• _Your assignment_
Apart from pictures, transcribe exactly each line from the one containing "熱々のごはんにのせるだけ。と" through the final line of the listing below.

▽

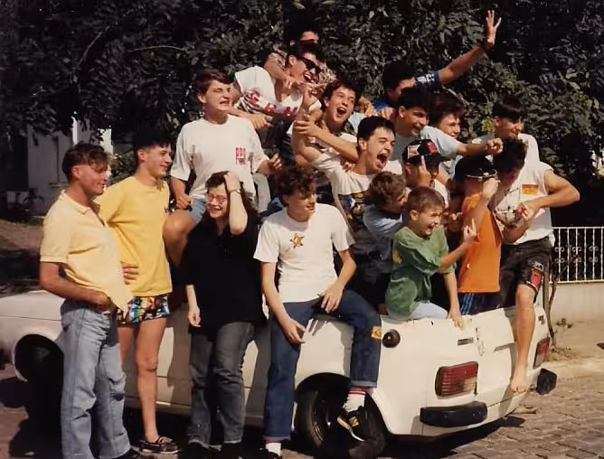 Claro que eu já era mais velho que todos – o ‘decano’ do grupo, no dizer de colunista da Folha de São Paulo. Claro que eu já tinha perdido muitas ilusões; mas nem se tratava especificamente disso – de ‘perder as ilusões’ –; mas de sacar que de sonho em sonho, de passo em passo, o que faz valer a caminhada é o que se deixa feito. E a gente fez muito, muito!! Gente, a gente saiu na FOLHA DE SÃO PAULO!!! Hellooooouuuu!!! A FOLHA fez foto da gente; a molecada em frente ao Amarelo Vinte. E olha que era ‘A Folha de São Paulo’ dos bons tempos; áureos tempos do Jornalismo impresso... E nós lá, naquelas folhas. Brusque e as suas ruas de chão batido, atravessadas por pedestres rasteiros, automóveis antigos e carroças e carros-de-mola; Brusque naquelas folhas!! ‘A Capital do Rock no Sul’. Inesquecível. Sem mais: inesquecível.
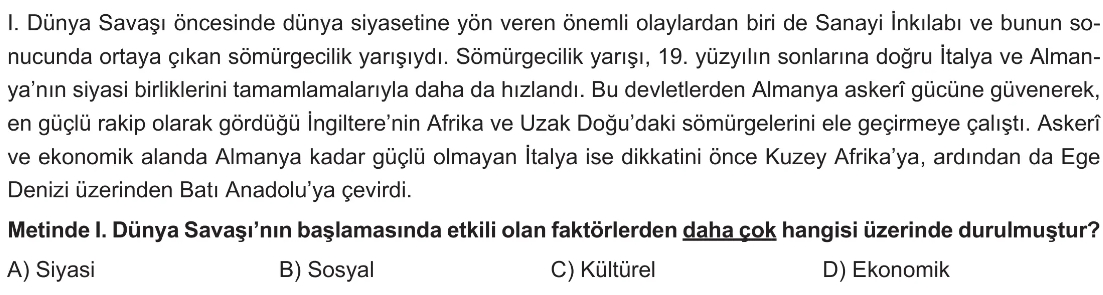 8. Sınıf Lgs 1. Dünya Savaşı Test 2
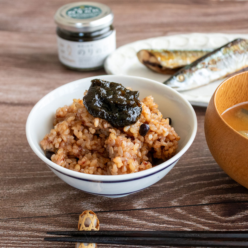 熱々のごはんにのせるだけ。とろっと濃厚な海苔の旨みと甘辛い味付けでごはんがすすみます。
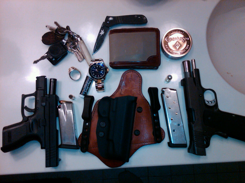 Its not really that much. Keys, chapstick, benchmade in front left pocket. Phone is int eh front right pocket. Can of snuff in back left. Wallet in the back right. Pistol at 3:00 or so on right hip.
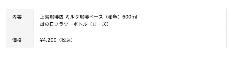 上島珈琲店の看板メニューである『ミルク珈琲』の味わいを、ご自宅で手軽に再現できるコーヒーベースと、ガラス瓶入りの華やかなフラワーボトルのセット。フラワーボトルには「thank you」のメッセージタグが付いているため、感謝を伝えるプレゼントにぴったりです。ギフトボックスを彩る「母の日デザインシール」をご選択いただけます。
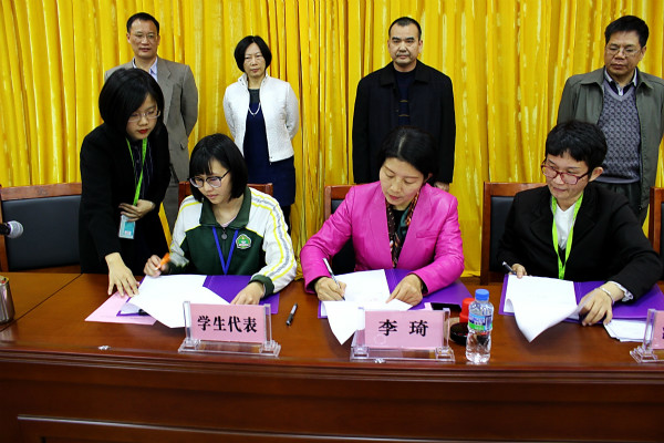 签约仪式(中:东莞卫生学校副校长李琦 右:大参林东莞分公司行政人事经理潘雪艳)
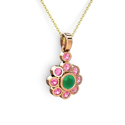Pembe kuvars ve kök zümrüt 14 ayar rose altın kolye (40 cm gümüş rolo zincir)
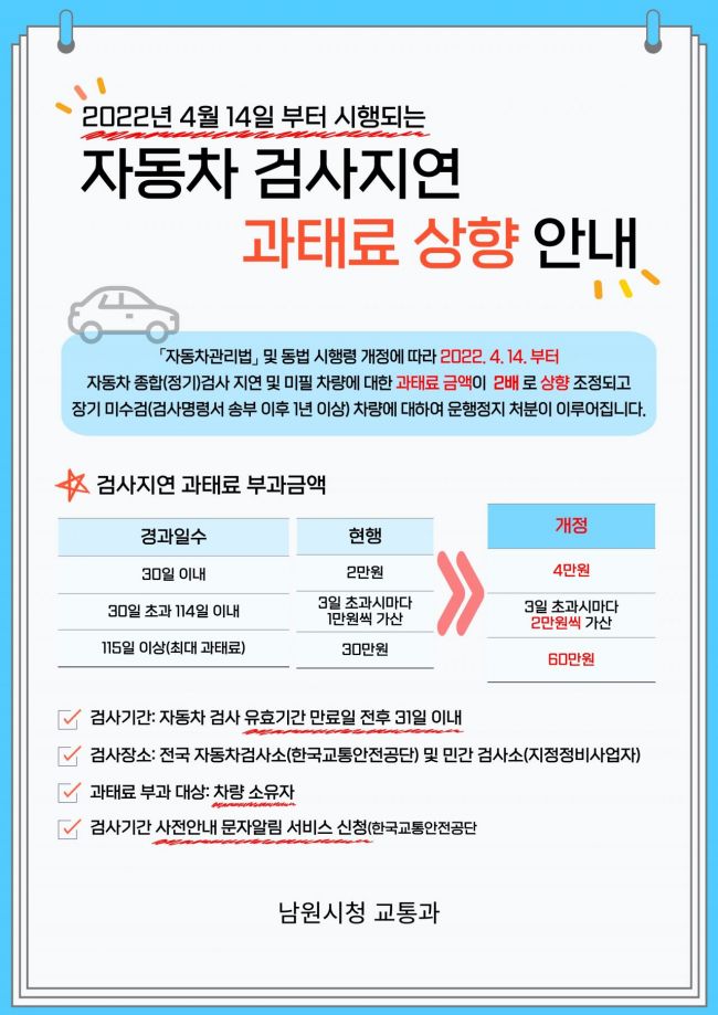 [Namwon=Asia Economy Honam Reporting Headquarters Reporter Jeong Young-kwon] Namwon City, Jeonbuk, announced on the 24th that starting from the 14th of next month, the penalty fees for delayed vehicle inspections will be increased due to the revision and enforcement of the 'Automobile Management Act' and its enforcement decree.

△

• _Problem solution_
 熱々のごはんにのせるだけ。とろっと濃厚な海苔の旨みと甘辛い味付けでごはんがすすみます。
 Its not really that much. Keys, chapstick, benchmade in front left pocket. Phone is int eh front right pocket. Can of snuff in back left. Wallet in the back right. Pistol at 3:00 or so on right hip.
 上島珈琲店の看板メニューである『ミルク珈琲』の味わいを、ご自宅で手軽に再現できるコーヒーベースと、ガラス瓶入りの華やかなフラワーボトルのセット。フラワーボトルには「thank you」のメッセージタグが付いているため、感謝を伝えるプレゼントにぴったりです。ギフトボックスを彩る「母の日デザインシール」をご選択いただけます。
 签约仪式(中:东莞卫生学校副校长李琦 右:大参林东莞分公司行政人事经理潘雪艳)
Pembe kuvars ve kök zümrüt 14 ayar rose altın kolye (40 cm gümüş rolo zincir)
 [Namwon=Asia Economy Honam Reporting Headquarters Reporter Jeong Young-kwon] Namwon City, Jeonbuk, announced on the 24th that starting from the 14th of next month, the penalty fees for delayed vehicle inspections will be increased due to the revision and enforcement of the 'Automobile Management Act' and its enforcement decree.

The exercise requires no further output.